Quantization and model packing with PyTorch and ONNX are in a weird state right now.
On one hand, everything just works for most cases for PyTorch (there are competing and unstable new APIs, but that was to be expected).
For ONNX, it also just works, but adding a single "if" to the model proved to be a challenge, forget about more complex logic. To expose or not to expose (and how to obfuscate) some logic into external wrapper utilities is a design decision (also out of scope for this short post).
The problem is, the pre-packaged versions of PyTorch do not work properly with quantized models on older CPUs (1, 2 + literally dozens of similar questions in telegram chats). Typically people report having a "10 year old laptop" with some old Intel CPU or something similar.
Of course, no one would tweak or rebuild anything. So, unless a TTS model for example is fully quantized (or somehow cleverly packaged into ONNX) it does not make sense to quantize some parts of the model or expose some logic outside of jit / pt packages even if it reduces package size significantly.

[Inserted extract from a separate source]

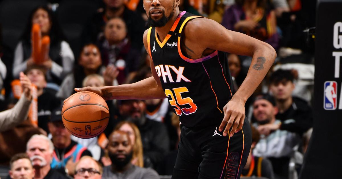 Passer la publicitéLeBron James, Kareem Abdul-Jabbar ou encore Kobe Bryant et Michael Jordan... Contre Memphis, Kevin Durant, 36 ans dont la moitié en NBA, a rejoint le cercle restreint des joueurs à plus de 30.000 points. Malheureusement pour l'ancien ailier de Seattle, d'Oklahoma City, de Golden State et de Brooklyn, ses 34 points n'ont pas suffi à faire gagner les Suns, débordés par les Grizzlies (119-112).

But there is a third solution. If there is a single large layer / module (e.g. nn.Embedding - the best candidate) there is a dirty hack:
- Do not quantize the model;
- Quantize the weight matrix manually;
- Save the checkpoint with int8 weights;
- Store scale and zero_point separately;
- On loading, just convert int8 into float32 manually;
(Basically the same approach as dynamic quantization).
Your mileage may vary, but basic conversions is as follows:
qmax = 127
qmin = -128
scale = (weight.max() - weight.min()) / (qmax - qmin)
zero_point = qmin - weight.min() / scale
Obviously we tried going below int8, but the dynamic range for nn.Embedding was somewhere around 2**6, so we decided not to.
If this faces some further real world hurdles, I will provide an update.
#deep_learing